- DATA FOR THIS TASK:

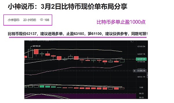 小神:恭喜 行情如期暴涨 比特币现价在62137布局的多单 完美拿下1000点
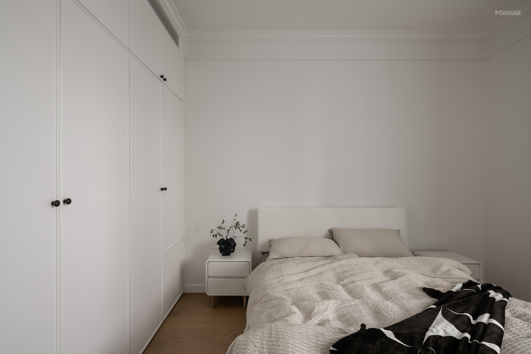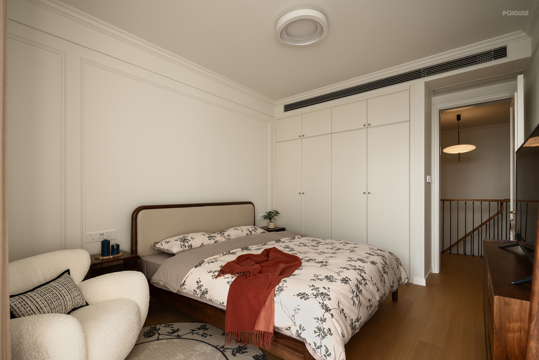 二楼主卧,整体延续奶白的法式浪漫格调,床头背景墙床头PU线条勾勒的曼妙线条,立体美观。床头一侧搭配休闲单人沙发,电视机巧妙摆放在床尾,为夫妻俩共享温馨时光创造了完美舞台。而床的另一侧巧妙融入了订制一排超大衣柜,不仅增加了主卧的储物能力,更巧妙的在衣柜顶端设计了中央空调,为整个空间增添一份舒适与便捷。
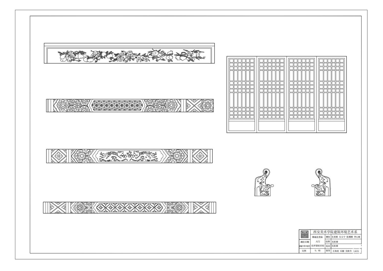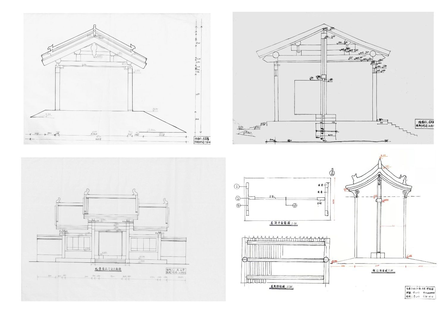北营庙大门属于屋宇式大门,山门是三开间,中间的当心间设门,屋顶为硬山顶,结构类型是木构普通的梁架式结构。
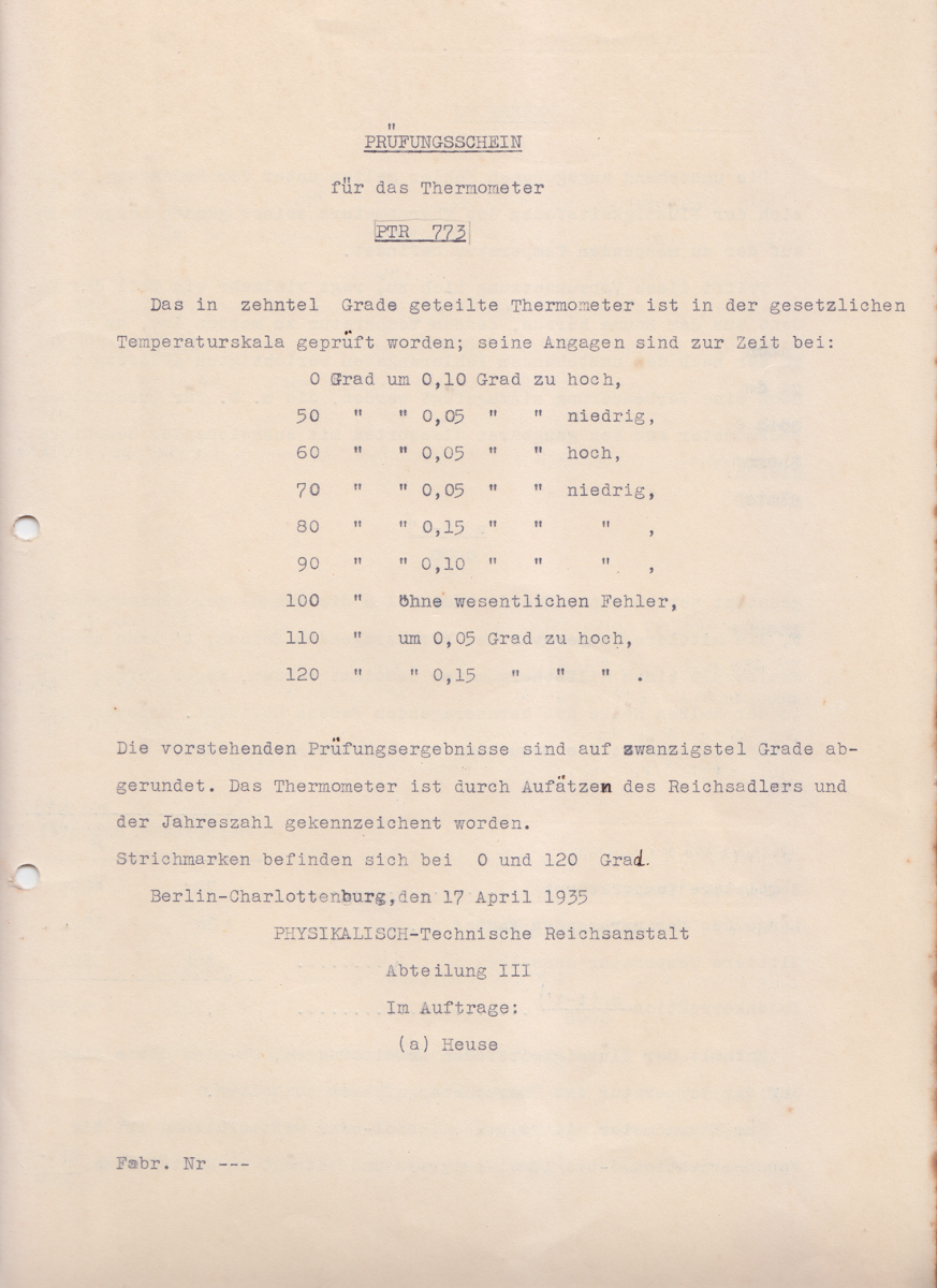 01.001.0044.0020_28129 Baixar 01.001.0044.0020_28229 Baixar 01.001.0044.0020_28129 01.001.0044.0020_28229 Número de registro01.001.0044.0020Conjunto de itens Conteúdo Normas de certificação para termômetros de vidro com tabela de termômetros e lista de termômetros que foram recebidos no IPT. Certificados de exame para termômetros PTR (em alemão) Grupo Metrologia Subgrupo Metrologia Mecânica, Elétrica e de Fluídos Data __/__/1945 - __/__/1962 Quantidade de documentos 22 documentos, 27 folhas Procedência Memória Histórica IPT Item anterior01.001.0044.0019 Próximo item01.001.0044.0021
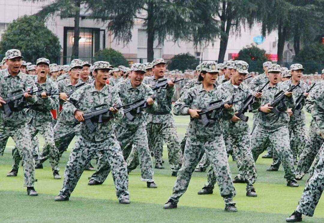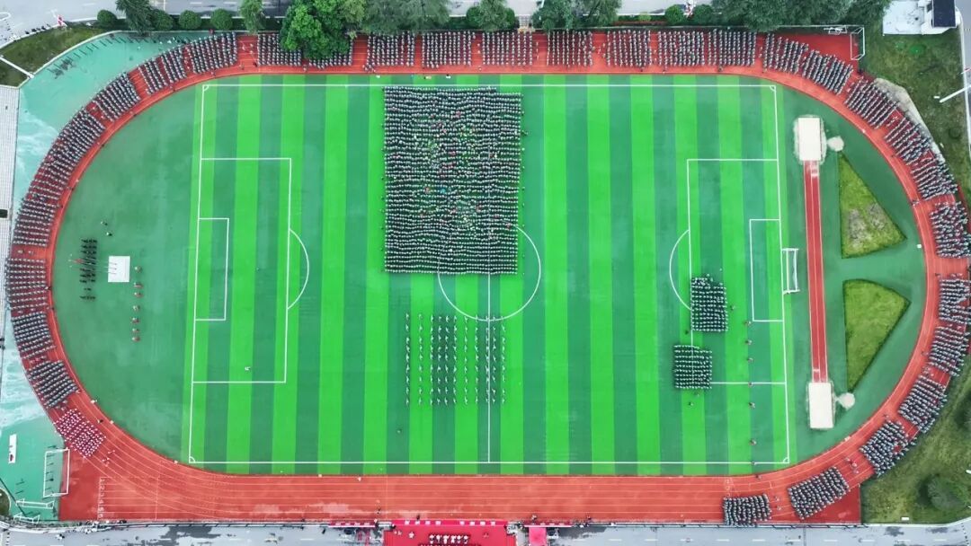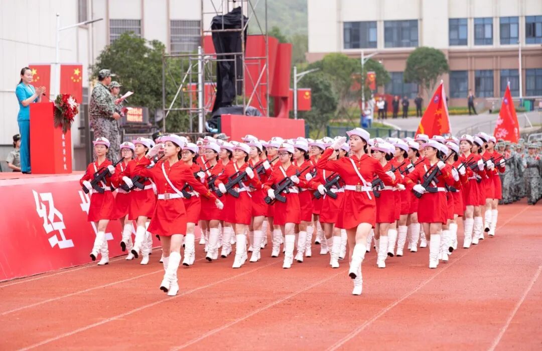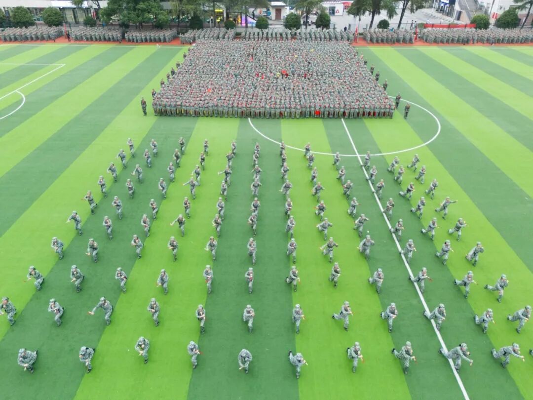 历经14天骄阳与风雨的洗礼,2025级学子完成了从青涩到坚韧的蜕变。军事训练成果汇报表演中,31支分列式方阵步伐铿锵、口号嘹亮,依次正步通过主席台,展现昂扬风貌;擒敌拳方阵招式凌厉、气势如虹,匕首操、刺杀操方阵在战鼓声中迅猛出击,杀声震耳;2050名学生组成的文化方阵先后呈现出“雷锋”“正德厚生 经世济用”“我❤中国”“1933-2025”等图案与字样,齐声宣誓“请党放心,强国有我”,滚烫的誓言彰显着新时代青年的责任与担当。
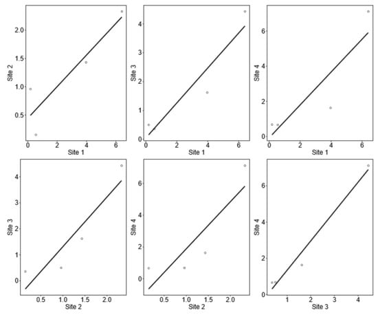 3.4. Comparison between Each Pair of Sites Using Each Method
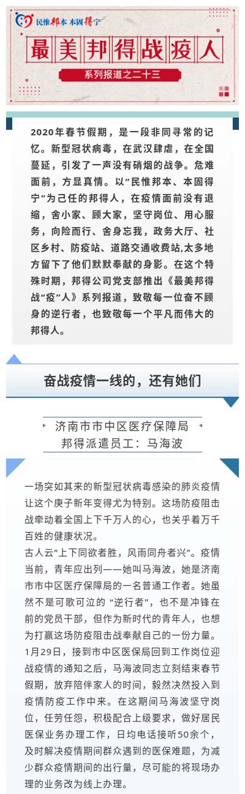 最美邦得戰(zhàn)“疫”人 — 系列報(bào)道之(二十三)
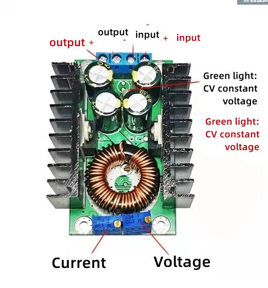 SAFE & SECURE SHOPPING 100% SATISFACTION GUARANTEED FAST SHIPPING Store Categories Store Categories You may also like Adjustable Power Supply Module DC-DC CC CV Buck Converter Step-down Power Module Product Description Adjustable Power Supply Module DC-DC CC CV Buck Converter Step-down Power Module 7-32V To 0.8-28V 12A 300W Features: 1. Fixed turn lamp current is 0.1 times the current value ( Used to identify whether the battery is fully charged When charging). 2. Made from a dedicated benchmark for IC and high-precision current sensing resistor, proving a more stable constant current, (when 20° to 100° constant current 1A, temperature drift less than 1%). Particularly suitable for LED driver. 3. High output current, the max output current can reach 12A. 4. Four high frequency capacitance, can lower output ripple, enhance the work stabilization. Applications: 1. High-power LED driver 2. Lithium battery(or lead accumulator) charge 3. Vehicle-mounted power supply 4. Low voltage system power supply 5. 6V, 12V, 14V, 24V battery charge Battery charge: 1. Make sure of the battery float voltage and charging current that you need, as well as the input voltage of the module. 2. Adjust the constant voltage potentiometer and adjust the output voltage to about 5V. 3.Use the multimeter in 10A current scale to measure output short-circuit current, and adjust the current potentiometer to make the output current to the expected charging current value. 4. Adjust the constant voltage potentiometer to make the output voltage reaches the float voltage. 5. Connected to the battery, try to charge. (1,2,3,4 steps to connect the power module input,output no-load does not connect battery.) LED constant current drive 1. Make sure the operating current and Max operating Voltage of the LED you need to drive. 2. Adjust the constant voltage potentiometer, adjust the output voltage to about 5V. 3. Use the multimeter in 10A current scale to measure output short-circuit current, and adjust the current potentiometer to make sure the output current to the expected LED operating current. 4. Adjust the constant voltage potentiometer to make the output voltage reach the maximum LED operating voltage. 5. Connect LED, test. (1,2,3,4 steps to connect the power module input, output No-load does not connect LED.) Specifications: 1. Module Properties: non-isolated step-down constant current, constant voltage module (CC CV) charging module 2. Input voltage: DC 7-32V 3. Output voltage:DC 0.8-28V continuously adjustable 4. Output Current: 9A 12A (when power tube\'s temperature exceeds 65 degrees, please add cooling fan) 5. Constant current range: 0.2-12A ( adjustable ) 6. Turn lamp current: constant current value * ( 0.1 ) , turn the lamp current and constant value linkage, such as constant current value is 3A, turn the lamp current is set to a constant current is 0.1 times (0.1 * 3A = 0.3A). 7. Lowest pressure: 1V 8. Output Power: Maximum power is about 300W 9. Conversion efficiency: up to about 95% 10. Operating frequency: 300KHZ 11. Output ripple: 20M bandwidth 12. Input 24V Output 12V 5A ripple around 50mV (Excluding noise) 13. Output short circuit for protection : Yes, constant current 14. Input Reverse Polarity for Protection: None 15. Output prevent backflow: None 16. Wiring: Terminal 17. No-load current: Typical 20mA (24V switch 12V) 18. Load regulation: ± 1% ( constant ) 19. Voltage regulation: ± 1% 20. Dynamic response speed: 5% 200uS 21. Potentiometer adjustment direction: clockwise (increase) , counterclockwise (decrease). the potentiometer(CV) closed to the input voltage is used to regulate voltage, the potentiometer(CC) closed to output voltage is used to regulate current (CC) 22. Operating temperature: Industrial grade (-40 °c to +85 °c) ( please note the actual use of the power tube temperature , high temperature heat strengthened please ) 23. Indicator: dual color indicator, charging indicator light is red, the green light means fully charged ( No load is green ) 24. Size(approx): 65 x 47 x 22mm(L x W x H) Package Included: 1 Pcs DC Buck Converter Module Shipping Returns Contact Us Payment Shipping 1. Items sent from US warehouse. 2.Receiving time = Processing time + Shipping time 3. Processing Time: Around 1-2 business Days 4. Shipping Time: 3-5 business day it may have a little delay during some holiday (such as Christmas),any problem ,please feel free to contact Returns 1. 30 days warranty from the purchased date. Please contact us via email before returning the defective item. 2.Our warranty does not extended to any product that are physically damaged or that are not under normal operating conditions as result of misuse or improper installation on the buyer/user's part. 3.Return items should include the original packaging and all accessories. buyers MUST contact us for the returning address. 4.In all cases, buyers pay shipping fees at their own cost to return products for exchange or refund. We will be responsible for the postage of replacements. Refund will be made upon receipt of the returned item. Contact Us Pls contact us if you have any problems,we will try our best to solve for you Payment We accept all verified payment from eBay. Copyright © 2022 Tongtool

- AIM OF THE TASK:
Please print out the entries above exactly. The pictures stay out.

- TASK RESPONSE:
 小神:恭喜 行情如期暴涨 比特币现价在62137布局的多单 完美拿下1000点
 二楼主卧,整体延续奶白的法式浪漫格调,床头背景墙床头PU线条勾勒的曼妙线条,立体美观。床头一侧搭配休闲单人沙发,电视机巧妙摆放在床尾,为夫妻俩共享温馨时光创造了完美舞台。而床的另一侧巧妙融入了订制一排超大衣柜,不仅增加了主卧的储物能力,更巧妙的在衣柜顶端设计了中央空调,为整个空间增添一份舒适与便捷。
北营庙大门属于屋宇式大门,山门是三开间,中间的当心间设门,屋顶为硬山顶,结构类型是木构普通的梁架式结构。
 01.001.0044.0020_28129 Baixar 01.001.0044.0020_28229 Baixar 01.001.0044.0020_28129 01.001.0044.0020_28229 Número de registro01.001.0044.0020Conjunto de itens Conteúdo Normas de certificação para termômetros de vidro com tabela de termômetros e lista de termômetros que foram recebidos no IPT. Certificados de exame para termômetros PTR (em alemão) Grupo Metrologia Subgrupo Metrologia Mecânica, Elétrica e de Fluídos Data __/__/1945 - __/__/1962 Quantidade de documentos 22 documentos, 27 folhas Procedência Memória Histórica IPT Item anterior01.001.0044.0019 Próximo item01.001.0044.0021
 历经14天骄阳与风雨的洗礼,2025级学子完成了从青涩到坚韧的蜕变。军事训练成果汇报表演中,31支分列式方阵步伐铿锵、口号嘹亮,依次正步通过主席台,展现昂扬风貌;擒敌拳方阵招式凌厉、气势如虹,匕首操、刺杀操方阵在战鼓声中迅猛出击,杀声震耳;2050名学生组成的文化方阵先后呈现出“雷锋”“正德厚生 经世济用”“我❤中国”“1933-2025”等图案与字样,齐声宣誓“请党放心,强国有我”,滚烫的誓言彰显着新时代青年的责任与担当。
 3.4. Comparison between Each Pair of Sites Using Each Method
 最美邦得戰(zhàn)“疫”人 — 系列報(bào)道之(二十三)
 SAFE & SECURE SHOPPING 100% SATISFACTION GUARANTEED FAST SHIPPING Store Categories Store Categories You may also like Adjustable Power Supply Module DC-DC CC CV Buck Converter Step-down Power Module Product Description Adjustable Power Supply Module DC-DC CC CV Buck Converter Step-down Power Module 7-32V To 0.8-28V 12A 300W Features: 1. Fixed turn lamp current is 0.1 times the current value ( Used to identify whether the battery is fully charged When charging). 2. Made from a dedicated benchmark for IC and high-precision current sensing resistor, proving a more stable constant current, (when 20° to 100° constant current 1A, temperature drift less than 1%). Particularly suitable for LED driver. 3. High output current, the max output current can reach 12A. 4. Four high frequency capacitance, can lower output ripple, enhance the work stabilization. Applications: 1. High-power LED driver 2. Lithium battery(or lead accumulator) charge 3. Vehicle-mounted power supply 4. Low voltage system power supply 5. 6V, 12V, 14V, 24V battery charge Battery charge: 1. Make sure of the battery float voltage and charging current that you need, as well as the input voltage of the module. 2. Adjust the constant voltage potentiometer and adjust the output voltage to about 5V. 3.Use the multimeter in 10A current scale to measure output short-circuit current, and adjust the current potentiometer to make the output current to the expected charging current value. 4. Adjust the constant voltage potentiometer to make the output voltage reaches the float voltage. 5. Connected to the battery, try to charge. (1,2,3,4 steps to connect the power module input,output no-load does not connect battery.) LED constant current drive 1. Make sure the operating current and Max operating Voltage of the LED you need to drive. 2. Adjust the constant voltage potentiometer, adjust the output voltage to about 5V. 3. Use the multimeter in 10A current scale to measure output short-circuit current, and adjust the current potentiometer to make sure the output current to the expected LED operating current. 4. Adjust the constant voltage potentiometer to make the output voltage reach the maximum LED operating voltage. 5. Connect LED, test. (1,2,3,4 steps to connect the power module input, output No-load does not connect LED.) Specifications: 1. Module Properties: non-isolated step-down constant current, constant voltage module (CC CV) charging module 2. Input voltage: DC 7-32V 3. Output voltage:DC 0.8-28V continuously adjustable 4. Output Current: 9A 12A (when power tube\'s temperature exceeds 65 degrees, please add cooling fan) 5. Constant current range: 0.2-12A ( adjustable ) 6. Turn lamp current: constant current value * ( 0.1 ) , turn the lamp current and constant value linkage, such as constant current value is 3A, turn the lamp current is set to a constant current is 0.1 times (0.1 * 3A = 0.3A). 7. Lowest pressure: 1V 8. Output Power: Maximum power is about 300W 9. Conversion efficiency: up to about 95% 10. Operating frequency: 300KHZ 11. Output ripple: 20M bandwidth 12. Input 24V Output 12V 5A ripple around 50mV (Excluding noise) 13. Output short circuit for protection : Yes, constant current 14. Input Reverse Polarity for Protection: None 15. Output prevent backflow: None 16. Wiring: Terminal 17. No-load current: Typical 20mA (24V switch 12V) 18. Load regulation: ± 1% ( constant ) 19. Voltage regulation: ± 1% 20. Dynamic response speed: 5% 200uS 21. Potentiometer adjustment direction: clockwise (increase) , counterclockwise (decrease). the potentiometer(CV) closed to the input voltage is used to regulate voltage, the potentiometer(CC) closed to output voltage is used to regulate current (CC) 22. Operating temperature: Industrial grade (-40 °c to +85 °c) ( please note the actual use of the power tube temperature , high temperature heat strengthened please ) 23. Indicator: dual color indicator, charging indicator light is red, the green light means fully charged ( No load is green ) 24. Size(approx): 65 x 47 x 22mm(L x W x H) Package Included: 1 Pcs DC Buck Converter Module Shipping Returns Contact Us Payment Shipping 1. Items sent from US warehouse. 2.Receiving time = Processing time + Shipping time 3. Processing Time: Around 1-2 business Days 4. Shipping Time: 3-5 business day it may have a little delay during some holiday (such as Christmas),any problem ,please feel free to contact Returns 1. 30 days warranty from the purchased date. Please contact us via email before returning the defective item. 2.Our warranty does not extended to any product that are physically damaged or that are not under normal operating conditions as result of misuse or improper installation on the buyer/user's part. 3.Return items should include the original packaging and all accessories. buyers MUST contact us for the returning address. 4.In all cases, buyers pay shipping fees at their own cost to return products for exchange or refund. We will be responsible for the postage of replacements. Refund will be made upon receipt of the returned item. Contact Us Pls contact us if you have any problems,we will try our best to solve for you Payment We accept all verified payment from eBay. Copyright © 2022 Tongtool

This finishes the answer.